PSEUDO/PRENOM : monkey roads/Melody, again ÂGE : vingt quatre bientot PAYS : France, haute normandie, tu veux mon adresse ? FRÉQUENCE DE CONNEXION : Tout le temps,  8j/7, 30h/24 COMMENT AVEZ VOUS TROUVÉ LE FORUM ? : on me la faxer (REPRISE DU PERSONNAGE) nop (TYPE DE PERSO) inventé , Raffaele 2.0 (CRÉDITS) AMIANTE pour le codage de la fiche,  tumblr pour les images, Saez la citation COMMENTAIRE OU SUGGESTION : je veux un sixième compte ARROWluvCharlie AVATAR : Nicolas Simoes
RAFFAELE ANDRE MERCIER
À NOS BOUCHES ESSOUFFLÉES À TROP LES EMBRASSER


(PAPA) La figure paternelle, celle que tu détestes tant. Papa, le corps, l'esprit qui fait peur, qui fait trembler les petites secrétaires sur qui il aboie. Papa, le physique imposant, toi qui lui ressemble trop. Toi qui freine de toutes tes forces pour pas lui ressembler. Trop tard. Collision. Tu es bien le fils de ton père que te répète ta mère.
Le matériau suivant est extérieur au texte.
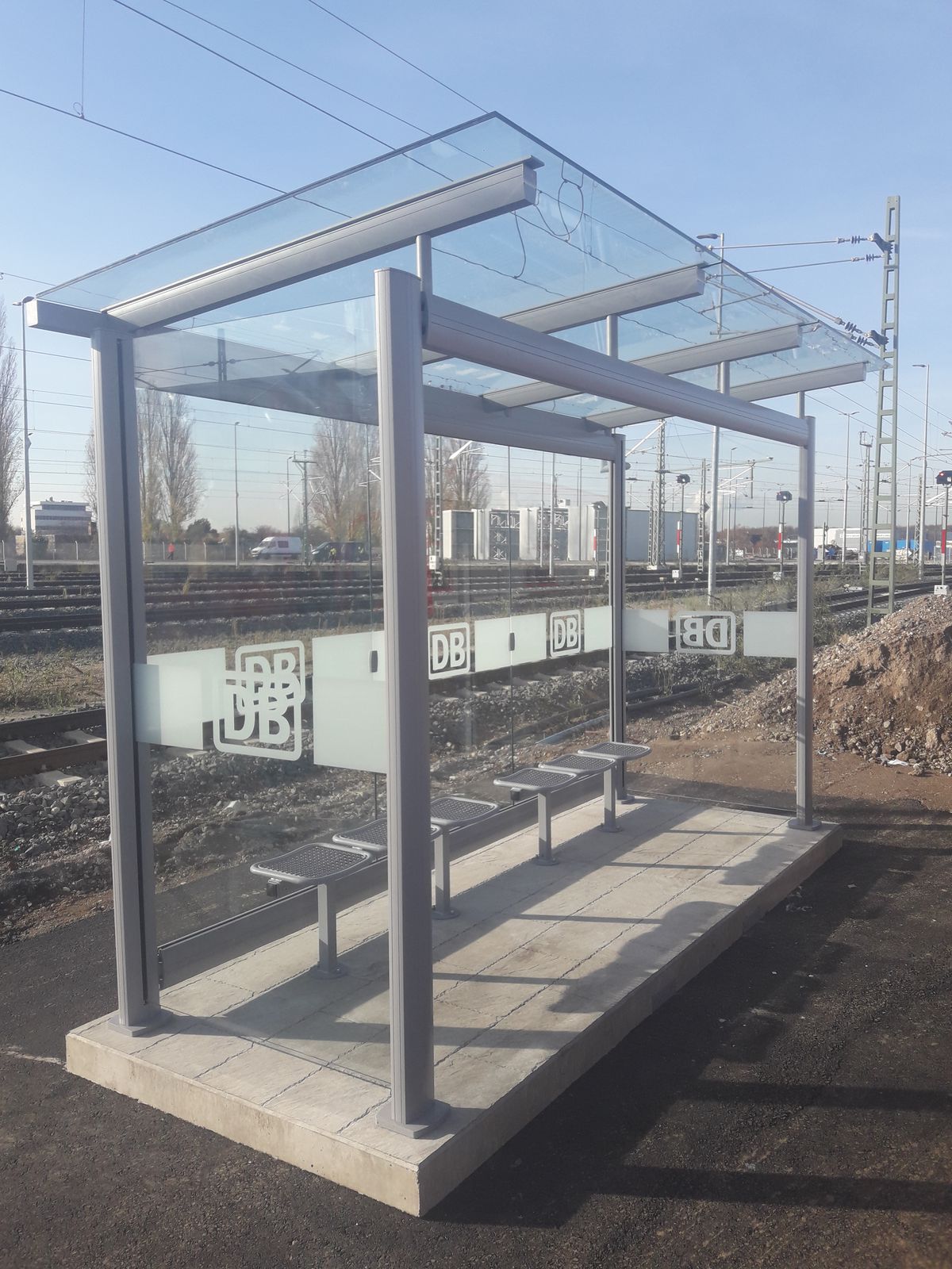 3-feldrige Ausführung als transportable Wartehalle mit oberflächenstrukturierter Beton- Bodenplatte

C'est peut-être pour ça que tu le détestes ton père, parce qu'il est le parfait portrait de ce que tu vas devenir. (FAMILLE)Y'as Lou, la fille de papa. Ta demi-soeur, celle qui a deux ans de plus que toi, celle avec qui tu t'es jamais entendu. Elle t'aimait pas, t'était le chouchou de maman, et elle, elle était que l'enfant illégitime de l'infidèle mari. Puis yas maman aussi. Maman qui porte toute la douceur et l'amour du monde. Maman des caresses et des câlins, des gouters d'après-midi pluvieux et des longs dimanches. Maman qui console quand papa frappe. Souvent. Trop souvent. (CONTROLE)Contrôler tout ce qui peut l'être. Toi. Les gens. Surtout les gens. Contrôler le reste, ne jamais perdre le contrôle. Le sentiment d'être meilleur que les autres, l'impression de mieux réussir. Contrôler tout. Les sentiments, les filles, l'argent -quand tu en avais encore-, le temps si c'était possible. (PARIS) Paris est magique. Le Paris de ton enfance, les rues pavé, les bords de seine, les toits gris. Paris la vraie ville qui ne dort jamais, Paris l'insomniaque, les soirées parisiennes et les Parisiennes. Paris te manque. Un peu chaque jour, un peu quand tu regardes à la fenêtre, du haut de tes quinze étages et que tu ne vois aucune tour Eiffel. Paris te manque mais pour rien au monde tu ferais plaisir à ton père en retournant vivre le bas. Paris dans le coeur. (LUXE) L'argent facile, offert par papa. Les belles choses, les beaux vêtements, les beaux bijoux, les belles montres, les belles chaussures. Les beaux restaus, les beaux endroits. La belle vie. Le train de vie qui change, les mauvaises habitudes qui restent. Le luxe qui attire, l'oeil, et les gens. Le luxe qui te fait te sentir important. Et tu pensais avoir changé, tu pensais ne plus en avoir besoin, mais on y revient toujours.... (LUXURE) La drogue, la vrai. Les filles qui vont et qui viennes, les draps salis, les draps froissés par leurs corps que tu manipules avec soin. Les cheveux blonds, les cheveux brun, les cheveux roux, qu'importe la couleur, l'origine, la taille, yen a toujours une différent chaque soir.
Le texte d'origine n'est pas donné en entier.